Tidak ada yang terbersit dalam hati kecuali hanya dzikir kepada
Allâh Azza wa Jalla .
Rasûlullâh Shallallahu ‘alaihi wa sallam bersabda :
مَنْ
تَوَضَّأَ نَحْوَ وُضُوْئِي هَذَا ثُمَّ صَلَّى رَكْعَتَيْنِ لاَ
يُحَدِّثُ فِيْهِمَا نَفْسَهُ غُفِرَ لَهُ مَا تَقَدَّمَ مِنْ ذَنْبِهِ
Barangsiapa
berwudhu seperti cara aku berwudhu, kemudian ia beranjak shalat dua
rakaat tanpa terbersit atau membayangkan apapun dalam hatinya, maka
Allâh Azza wa Jalla akan mengampuni dosa orang tersebut. [HR
al-Bukhâri, 158].
Sekilas,
rasanya mudah untuk mendapatkan ampunan dengan mengamalkan hadits di
atas. Semua bisa berwudhu dengan sempurna, sanggup untuk mendirikan
shalat dua raka’at. Akan tetapi, yang paling sulit adalah untuk
khusyu’ dalam shalat seperti yang disyaratkan dalam hadits di
atas, yaitu kosongnya hati dari seluruh bayangan dan bisikan selain
shalat.
Ketenangan
hati dapat saja terganggu melalui dua pintu hati, yaitu telinga dan
mata. Segala yang didengar dan semua yang dilihat bisa membuat hati
terlena, atau bahkan membekas dalam hati.
Untuk
gangguan yang berasal dari suara, Rasûlullâh Shallallahu
‘alaihi wa sallam sudah memperingatkan dalam haditsnya yang
diriwiyatkan dari Abu Sa’id al-Khudri Radhiyallahu anhu. Beliau
Radhiyallahu anhu bercerita :
اعْتَكَفَ
رَسُولُ اللَّهِ -صلى الله عليه وسلم- فِى الْمَسْجِدِ فَسَمِعَهُمْ
يَجْهَرُونَ بِالْقِرَاءَةِ فَكَشَفَ السِّتْرَ وَقَالَ : « أَلاَ
إِنَّ كُلَّكُمْ مُنَاجٍ رَبَّهُ فَلاَ يُؤْذِيَنَّ بَعْضُكُمْ بَعْضًا
وَلاَ يَرْفَعْ بَعْضُكُمْ عَلَى بَعْضٍ فِى الْقِرَاءَةِ »
Ketika
Rasûlullâh Shallallahu ‘alaihi wa sallam
i’tikaf di masjid, beliau pernah mendengar para sahabat saling
mengeraskan suara saat membaca al-Qur’ân, maka
Rasûlullâh Shallallahu ‘alaihi wa sallam pun keluar
menemui mereka seraya bersabda, “Ketahuilah, bahwasanya kalian
ini sedang bermunajat kepada Allâh Azza wa Jalla.

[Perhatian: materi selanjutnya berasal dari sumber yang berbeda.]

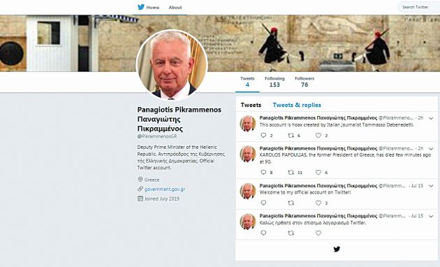 Η μακάβρια ανάρτηση του Ιταλού φαρσέρ έγινε στο twitter από ψεύτικο λογαριασμό (μικρή φωτό) που δημιούργησε στο όνομα του αντιπροέδρου της κυβέρνησης Παναγιώτη Πικραμμένου.

Janganlah
kalian saling mengganggu satu sama lain dan jangan pula kalian saling
mengangkat suara dalam membaca al-Qur’ân atau
berdzikir”. [HR Abu Dâwud, 1334].
Untuk jenis gangguan khusyu’ kedua adalah yang berasal dari pandangan mata, dan inilah yang sedang dalam pembahasan kita.
Sehubungan
dengan fenomena yang banyak terjadi dalam kehidupan kita. Seperti
pembangunan masjid yang berfokus pada keindahan dan kemegahan,
berhiaskan ukiran dan kaligrafi, bahkan terkadang ada masjid yang
dihiasi dengan foto atau lukisan pendirinya, sajadah untuk shalat hanya
terfokus pada hiasan dan corak serta warna karena hanya untuk menjadi
komoditi pasar. Maka begitu pula pakaian yang dipakai, bisa saja
membuat lalai orang dari khusyu’ dalam shalat.
Diriwayatkan dari Anas bin Mâlik Radhiyallahu anhu :
كَانَ
قِرَامٌ لِعَائِشَةَ سَتَرَتْ بِهِ جَانِبَ بَيْتِهَا فَقَالَ النَّبِيُ
صلى الله عليه وسلم: “أَمِيطِي عَنَّا قِرَامَكِ هَذَا فَإِنَّهُ
لاَ تَزَالُ تَصَاوِيرُهُ تَعْرِضُ فِي صَلاَتِي”
‘Aisyah
mempunyai gorden yang dipasang di dinding rumahnya.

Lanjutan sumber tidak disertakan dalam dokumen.